This Research
Note compares the political opinion polls results of two polling organisations:
Newspoll and Roy Morgan
Research [Morgan]
since June 2001. Another major pollster, ACNielsen, is not included
because its political polling is not currently as regular as the two
examined.1 The Note will be updated
regularly to incorporate the latest results. It is published in conjunction
with another Research Note examining the issues that voters rank as
important and the party that voters prefer to handle these issues.
The Australian
reports Newspoll's figures and both Morgan
and Newspoll attract considerable attention across the media. Poll
results usually are reported in text and/or tables, but this Note
will present them as graphs, allowing an easier comparison of the
figures. As most polls generally are reported in isolation rather
than together, this regular comparative publication will be a useful
addition to the columns already devoted to polls.2
Future editions of this publication will touch
briefly on some of the major events that may affect poll results.
In this issue, however, we offer only a preliminary comparison of
poll statistics from June 2001, graphing first the results of each
poll for the primary vote, then the results of the polls by party
and finally the results for two-party preferred.

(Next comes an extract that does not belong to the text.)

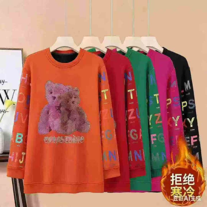 加绒加厚烫钻小熊洋气卫衣休闲卫衣,独立包装,宝宝绒,码数L-XXL(L胸围100厘米,能穿120斤内),大货黑色为主,数量1633件,分货加1,货号130#64

Note that the pollsters use different methods to
calculate the two-party preferred result. Newspoll measures only primary
votes and notionally distributes according to preference flows at
the last election; Morgan
measures full preferences.
The problem with notional distribution is that it cannot account for
significant shifts in voter preferences since the last election; that
is, voters may have altered their preferences since the last election
in response to major events or changes within parties (such as leadership).
1.
For further information on the poll
results, contact Greg Baker, of the Statistics Group. The figures will be posted
on the Intranet.
2.
This is not to argue that polls are
never compared. Reuters, for example, has
in the past examined trends across the polls.